ATI and privacy components are also recorded in senior management's monthly Departmental Dashboard and the Departmental Operational Plan as strategic priorities for the Department.
Key Issues Raised as a Result of Privacy Complaints and/or Investigations During the Reporting Period
There are no such issues to report.
Complaints and Court Applications for Reviews
I. Complaints to the Privacy Commissioner
During 2010-2011, 2 complaints under the Privacy Act were filed with the Office of the Privacy Commissioner of Canada. One complaint was well founded; no action required. The other complaint's disposition is currently outstanding. No complaints were received in relation to sections 4 to 8 of the Privacy Act - privacy breaches.

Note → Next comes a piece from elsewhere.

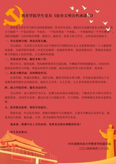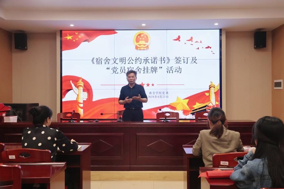 2024年4月22日晚,yl88858永利集团在敏行楼A333开展《宿舍文明公约承诺书》签订及“党员宿舍挂牌”活动。会议由学生党员邹宇欣主持。院党委书记李炳煌、副书记文红梅出席。党支部书记及全体学生党员参与。

II. Applications/Appeals Submitted to the Federal Court or the Federal Court of Appeal
There were no applications or appeals submitted to the Federal Court or the Federal Court of Appeal during fiscal year 2010-2011.
III. Health Canada Responses to Recommendations raised by other Agents of Parliament (e.g. Auditor General)
There were no recommendations raised by other Agents of Parliament during fiscal year 2010-2011.
Privacy Impact Assessments Completed During the Reporting Period
ATIP Division is currently working on nine Privacy Impact Assessments. No privacy impact assessments were completed during the reporting period.
Disclosures Made Pursuant to Subsection 8(2)(M) of the Privacy Act during the Reporting Period
Sub-paragraph 8(2)(m)(i) allows for the disclosure of personal information where the head of a government institution is of the opinion that the public interest in the disclosure clearly outweighs any invasion of privacy that could result from the disclosure.
In 2010-2011 there were no disclosures of personal information pursuant to that provision of the Privacy Act.